Source data
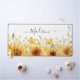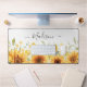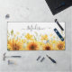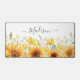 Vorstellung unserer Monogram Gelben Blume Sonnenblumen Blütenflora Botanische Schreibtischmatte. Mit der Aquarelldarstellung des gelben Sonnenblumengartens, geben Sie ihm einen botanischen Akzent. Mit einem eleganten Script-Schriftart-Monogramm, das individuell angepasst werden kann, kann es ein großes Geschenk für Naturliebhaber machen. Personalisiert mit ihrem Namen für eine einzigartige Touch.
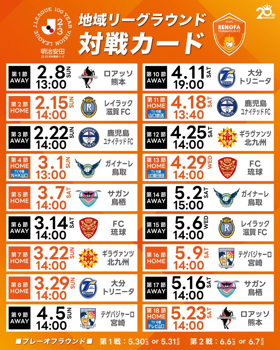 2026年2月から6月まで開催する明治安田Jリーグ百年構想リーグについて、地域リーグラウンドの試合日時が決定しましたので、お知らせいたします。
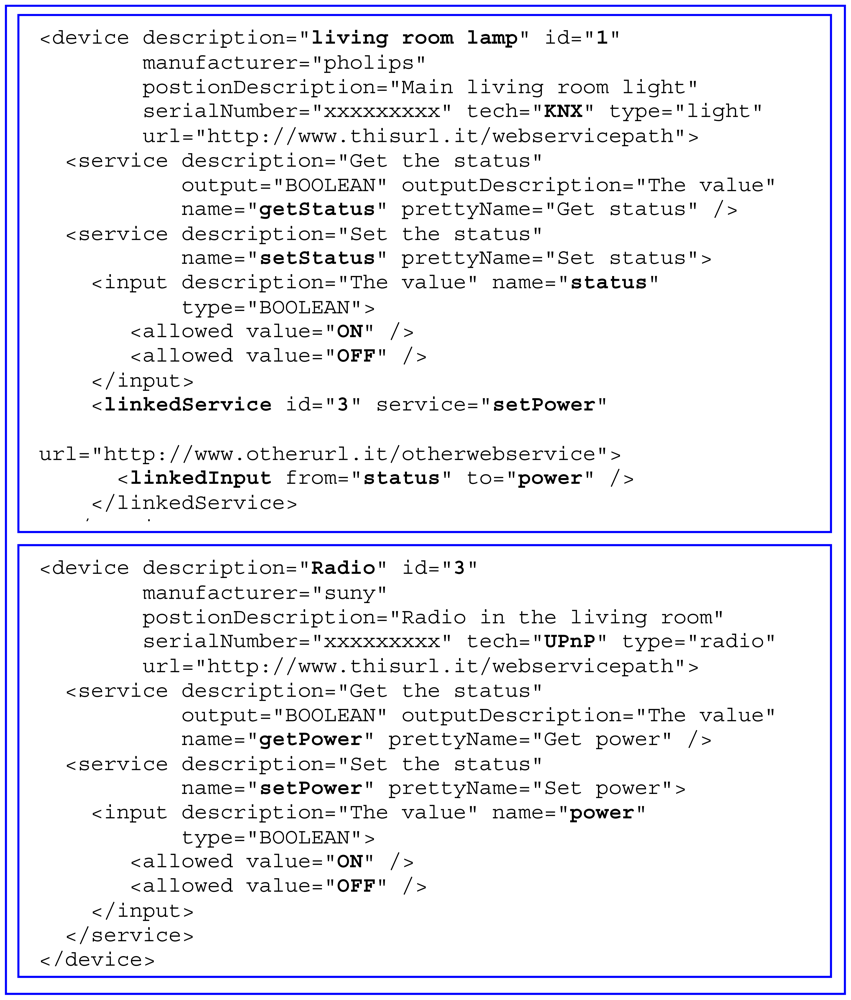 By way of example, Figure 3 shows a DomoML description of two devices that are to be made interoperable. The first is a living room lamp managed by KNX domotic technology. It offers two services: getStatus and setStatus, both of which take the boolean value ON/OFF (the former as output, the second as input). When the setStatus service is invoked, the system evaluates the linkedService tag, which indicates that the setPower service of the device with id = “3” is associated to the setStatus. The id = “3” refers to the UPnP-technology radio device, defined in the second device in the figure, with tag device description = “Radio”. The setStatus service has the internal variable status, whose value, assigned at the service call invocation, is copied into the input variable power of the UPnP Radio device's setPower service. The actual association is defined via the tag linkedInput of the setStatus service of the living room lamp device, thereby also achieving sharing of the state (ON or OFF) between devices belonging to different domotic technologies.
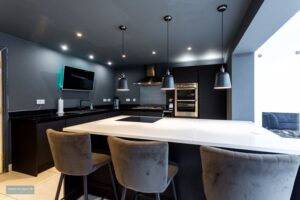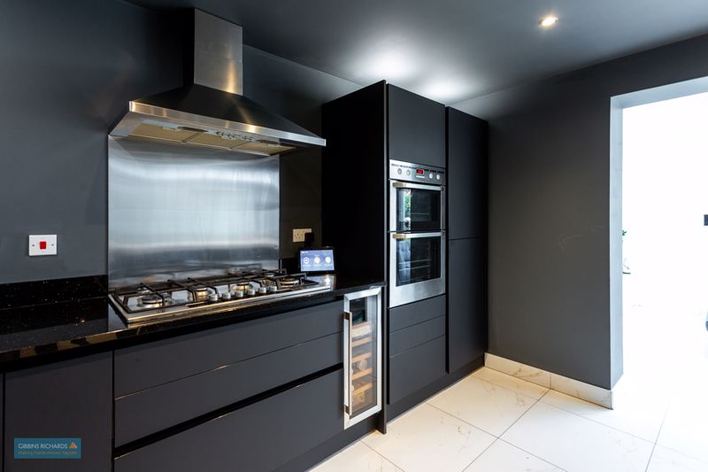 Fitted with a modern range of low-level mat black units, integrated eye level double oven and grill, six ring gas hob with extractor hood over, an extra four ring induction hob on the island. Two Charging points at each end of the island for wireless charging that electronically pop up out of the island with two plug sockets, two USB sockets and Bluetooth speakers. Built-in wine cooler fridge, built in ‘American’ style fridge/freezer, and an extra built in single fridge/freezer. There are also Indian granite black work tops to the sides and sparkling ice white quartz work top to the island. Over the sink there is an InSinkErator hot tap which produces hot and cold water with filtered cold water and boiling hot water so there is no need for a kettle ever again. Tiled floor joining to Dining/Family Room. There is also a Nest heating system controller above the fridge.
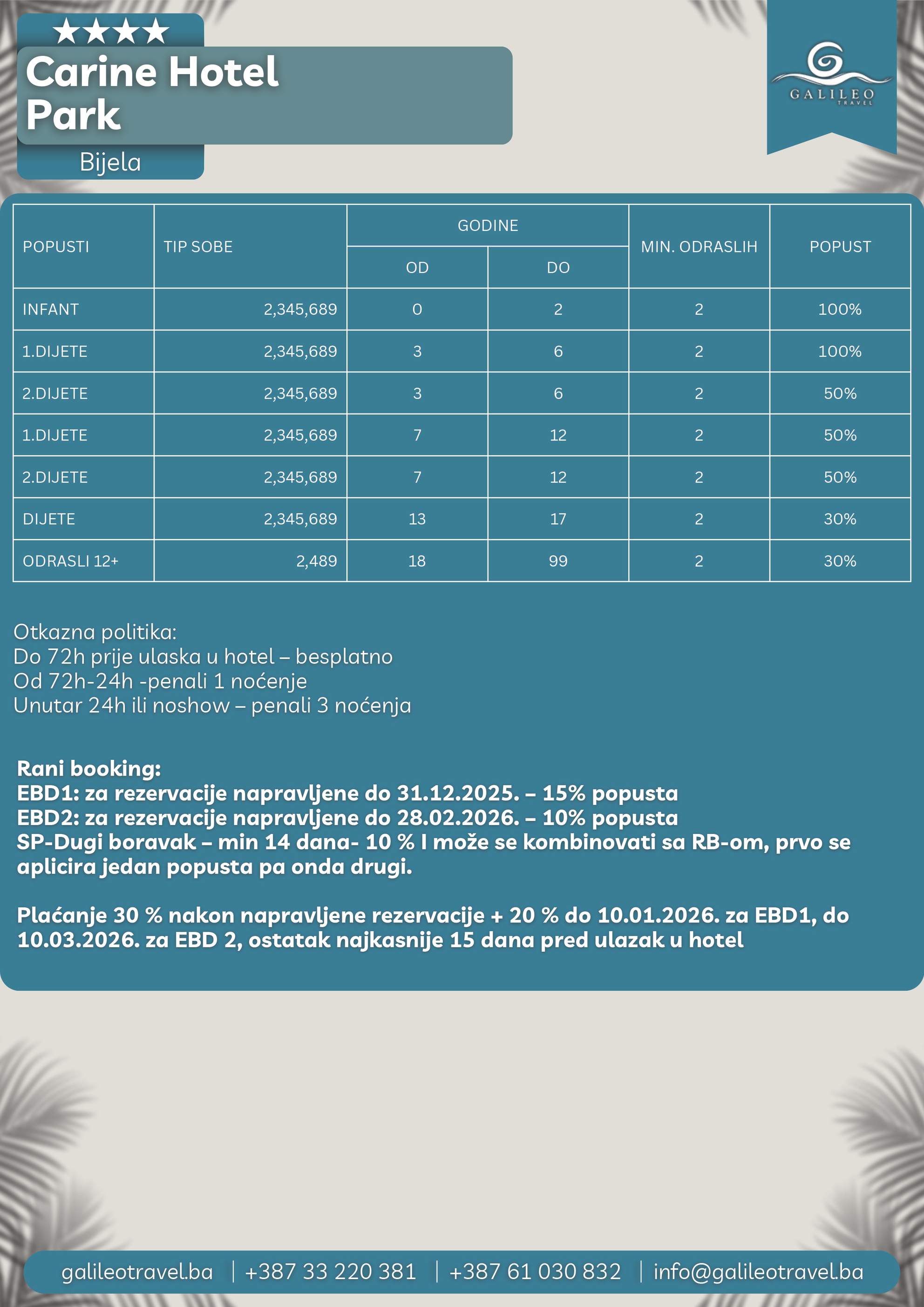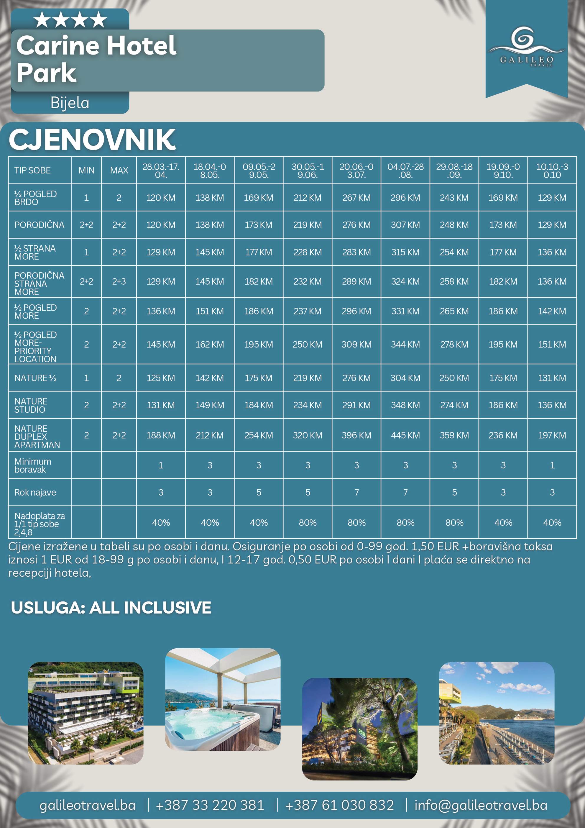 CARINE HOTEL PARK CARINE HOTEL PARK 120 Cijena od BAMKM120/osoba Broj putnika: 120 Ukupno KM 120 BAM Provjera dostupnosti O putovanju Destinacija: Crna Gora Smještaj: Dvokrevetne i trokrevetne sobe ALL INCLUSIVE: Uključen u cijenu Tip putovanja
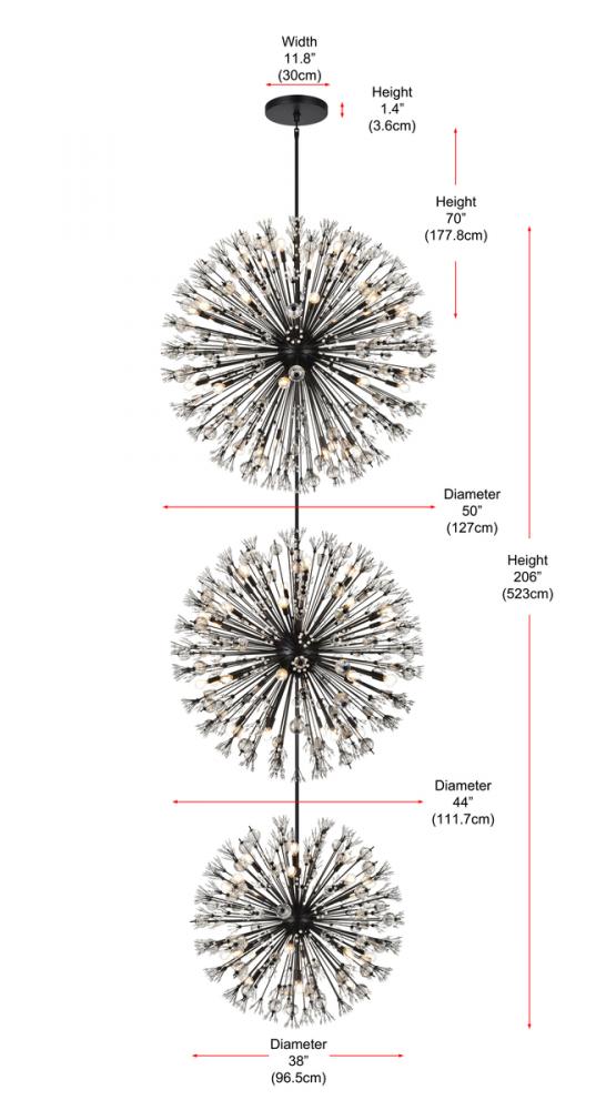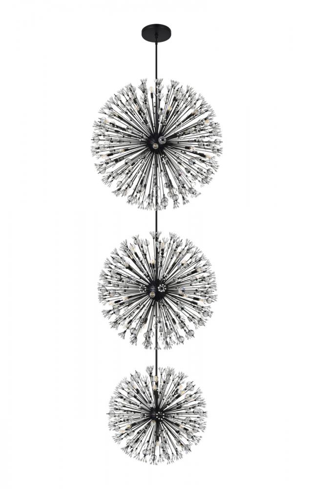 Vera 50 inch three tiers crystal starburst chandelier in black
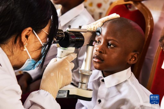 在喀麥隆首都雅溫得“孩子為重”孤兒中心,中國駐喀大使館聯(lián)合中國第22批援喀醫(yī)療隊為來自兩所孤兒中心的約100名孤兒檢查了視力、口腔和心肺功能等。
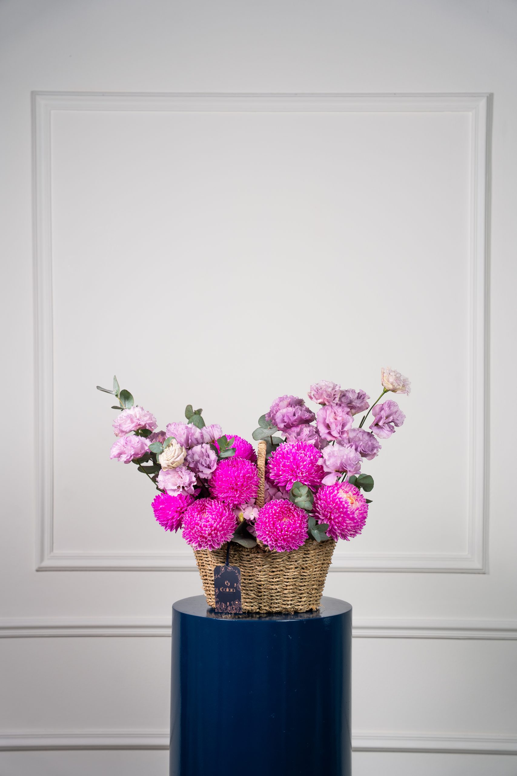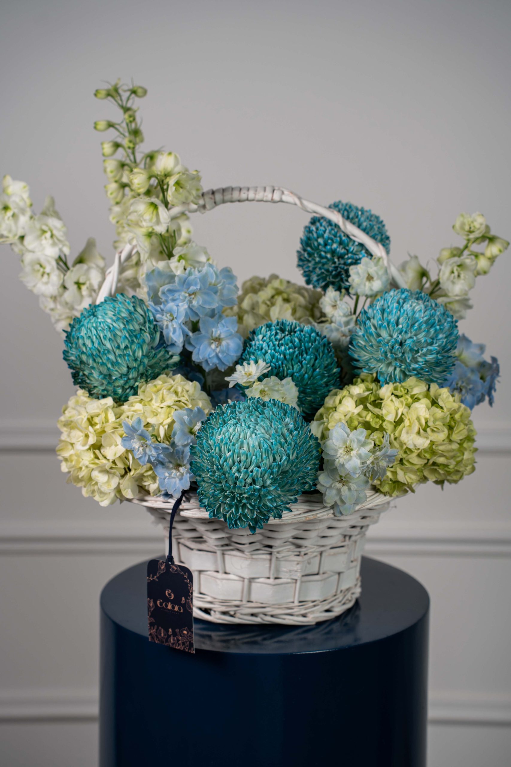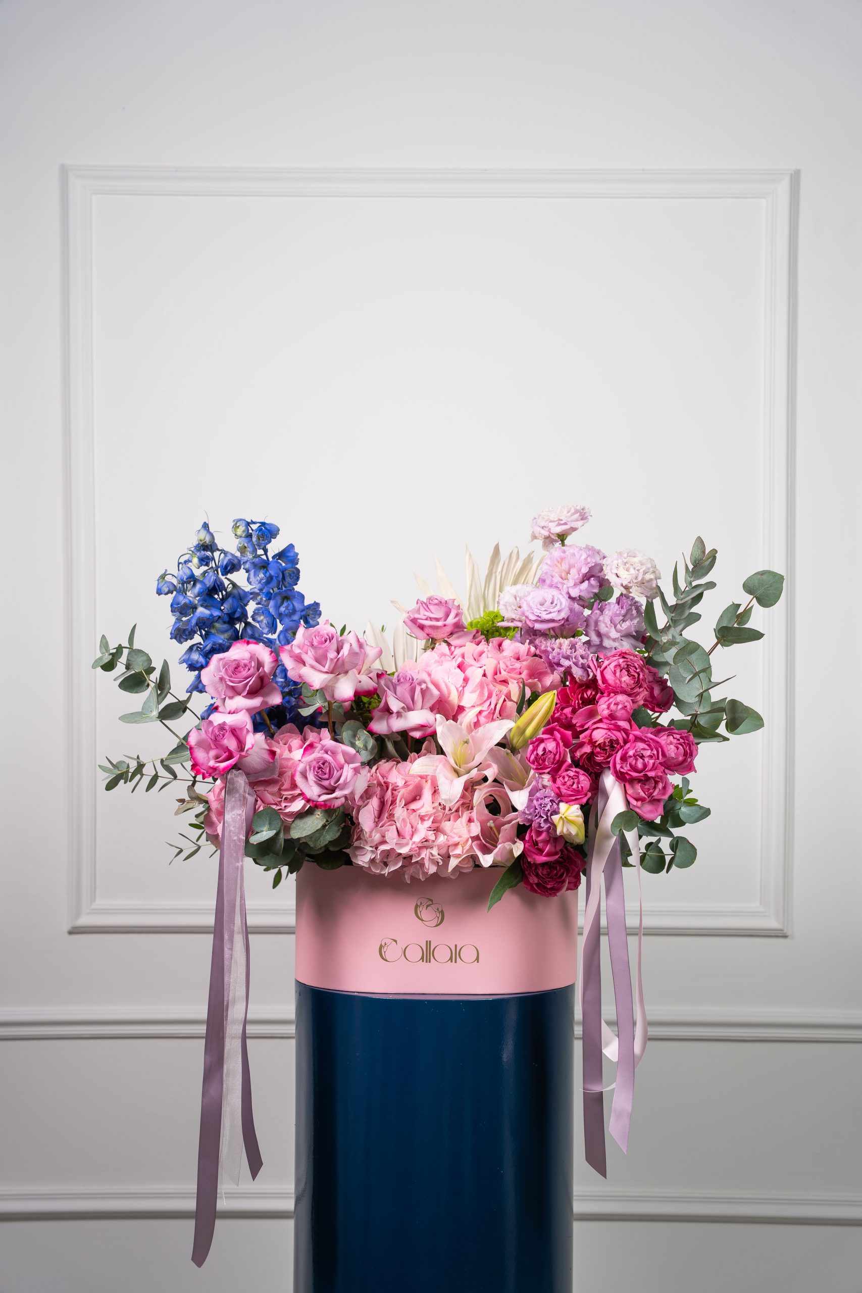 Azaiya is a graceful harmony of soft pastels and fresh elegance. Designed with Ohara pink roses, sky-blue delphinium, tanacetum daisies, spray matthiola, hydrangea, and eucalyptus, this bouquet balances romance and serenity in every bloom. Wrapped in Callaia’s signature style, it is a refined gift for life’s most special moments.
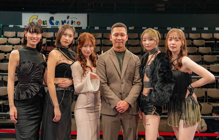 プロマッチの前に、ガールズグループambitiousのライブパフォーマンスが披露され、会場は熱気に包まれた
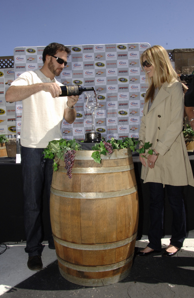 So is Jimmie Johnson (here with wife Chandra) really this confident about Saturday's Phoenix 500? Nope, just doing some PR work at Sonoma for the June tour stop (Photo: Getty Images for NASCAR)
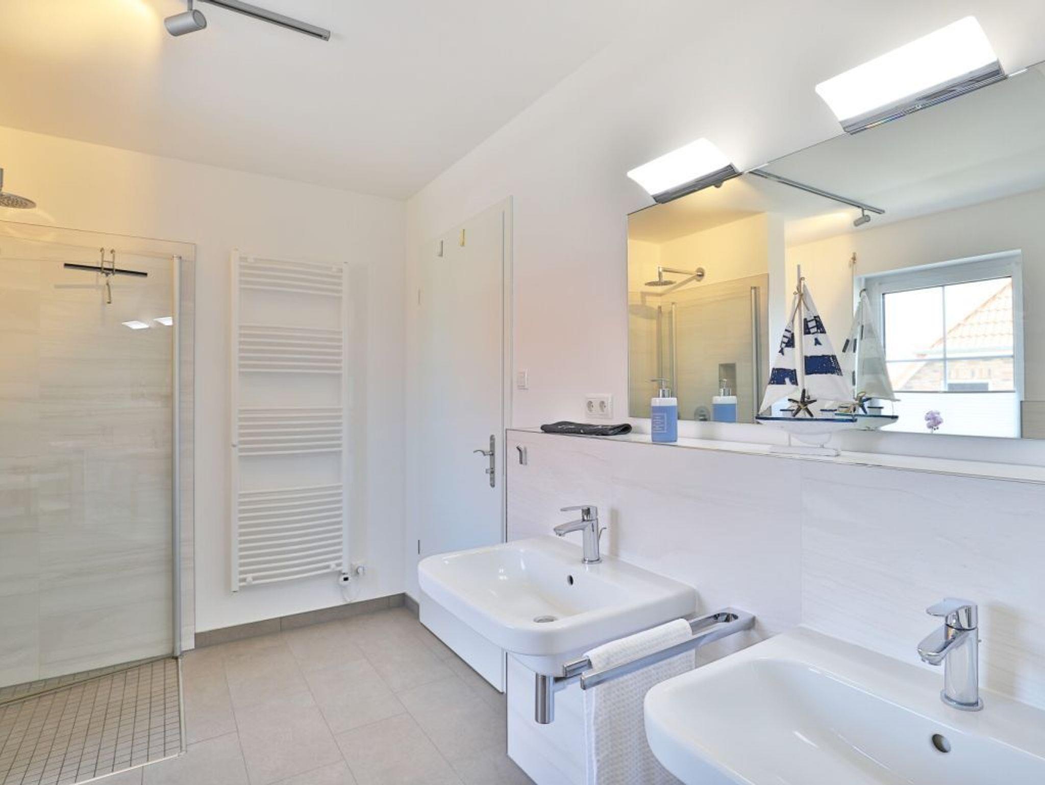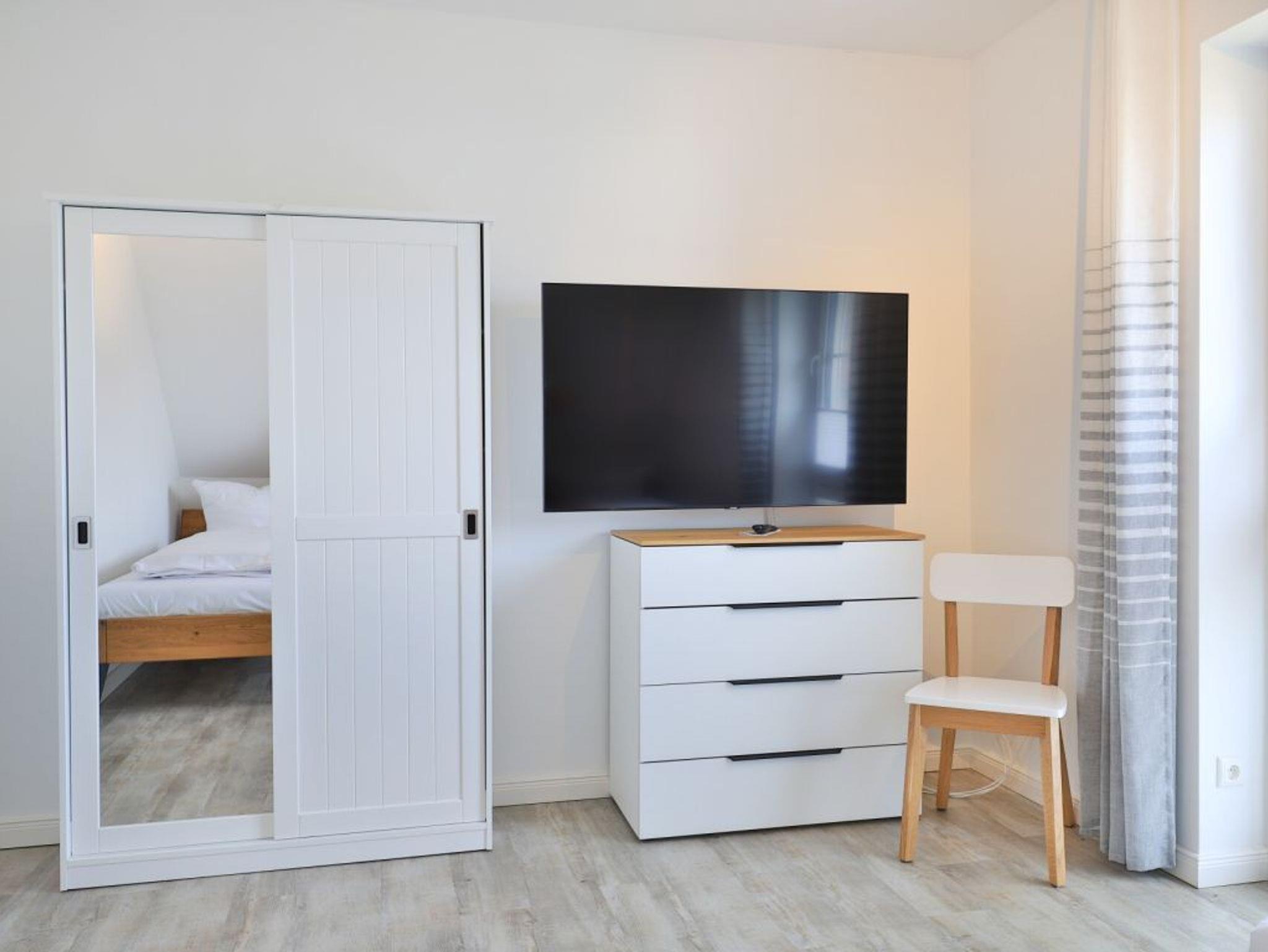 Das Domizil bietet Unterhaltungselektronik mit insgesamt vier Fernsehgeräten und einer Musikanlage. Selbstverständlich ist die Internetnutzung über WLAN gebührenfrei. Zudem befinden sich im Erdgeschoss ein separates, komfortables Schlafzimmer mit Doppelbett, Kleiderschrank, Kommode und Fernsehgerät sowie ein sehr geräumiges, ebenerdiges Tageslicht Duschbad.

What you need to do: Retype the data word for word, please, and keep the images out.

The answer:
 Vorstellung unserer Monogram Gelben Blume Sonnenblumen Blütenflora Botanische Schreibtischmatte. Mit der Aquarelldarstellung des gelben Sonnenblumengartens, geben Sie ihm einen botanischen Akzent. Mit einem eleganten Script-Schriftart-Monogramm, das individuell angepasst werden kann, kann es ein großes Geschenk für Naturliebhaber machen. Personalisiert mit ihrem Namen für eine einzigartige Touch.
 2026年2月から6月まで開催する明治安田Jリーグ百年構想リーグについて、地域リーグラウンドの試合日時が決定しましたので、お知らせいたします。
 By way of example, Figure 3 shows a DomoML description of two devices that are to be made interoperable. The first is a living room lamp managed by KNX domotic technology. It offers two services: getStatus and setStatus, both of which take the boolean value ON/OFF (the former as output, the second as input). When the setStatus service is invoked, the system evaluates the linkedService tag, which indicates that the setPower service of the device with id = “3” is associated to the setStatus. The id = “3” refers to the UPnP-technology radio device, defined in the second device in the figure, with tag device description = “Radio”. The setStatus service has the internal variable status, whose value, assigned at the service call invocation, is copied into the input variable power of the UPnP Radio device's setPower service. The actual association is defined via the tag linkedInput of the setStatus service of the living room lamp device, thereby also achieving sharing of the state (ON or OFF) between devices belonging to different domotic technologies.
 Fitted with a modern range of low-level mat black units, integrated eye level double oven and grill, six ring gas hob with extractor hood over, an extra four ring induction hob on the island. Two Charging points at each end of the island for wireless charging that electronically pop up out of the island with two plug sockets, two USB sockets and Bluetooth speakers. Built-in wine cooler fridge, built in ‘American’ style fridge/freezer, and an extra built in single fridge/freezer. There are also Indian granite black work tops to the sides and sparkling ice white quartz work top to the island. Over the sink there is an InSinkErator hot tap which produces hot and cold water with filtered cold water and boiling hot water so there is no need for a kettle ever again. Tiled floor joining to Dining/Family Room. There is also a Nest heating system controller above the fridge.
 CARINE HOTEL PARK CARINE HOTEL PARK 120 Cijena od BAMKM120/osoba Broj putnika: 120 Ukupno KM 120 BAM Provjera dostupnosti O putovanju Destinacija: Crna Gora Smještaj: Dvokrevetne i trokrevetne sobe ALL INCLUSIVE: Uključen u cijenu Tip putovanja
 Vera 50 inch three tiers crystal starburst chandelier in black
 在喀麥隆首都雅溫得“孩子為重”孤兒中心,中國駐喀大使館聯(lián)合中國第22批援喀醫(yī)療隊為來自兩所孤兒中心的約100名孤兒檢查了視力、口腔和心肺功能等。
 Azaiya is a graceful harmony of soft pastels and fresh elegance. Designed with Ohara pink roses, sky-blue delphinium, tanacetum daisies, spray matthiola, hydrangea, and eucalyptus, this bouquet balances romance and serenity in every bloom. Wrapped in Callaia’s signature style, it is a refined gift for life’s most special moments.
 プロマッチの前に、ガールズグループambitiousのライブパフォーマンスが披露され、会場は熱気に包まれた
 So is Jimmie Johnson (here with wife Chandra) really this confident about Saturday's Phoenix 500? Nope, just doing some PR work at Sonoma for the June tour stop (Photo: Getty Images for NASCAR)
 Das Domizil bietet Unterhaltungselektronik mit insgesamt vier Fernsehgeräten und einer Musikanlage. Selbstverständlich ist die Internetnutzung über WLAN gebührenfrei. Zudem befinden sich im Erdgeschoss ein separates, komfortables Schlafzimmer mit Doppelbett, Kleiderschrank, Kommode und Fernsehgerät sowie ein sehr geräumiges, ebenerdiges Tageslicht Duschbad.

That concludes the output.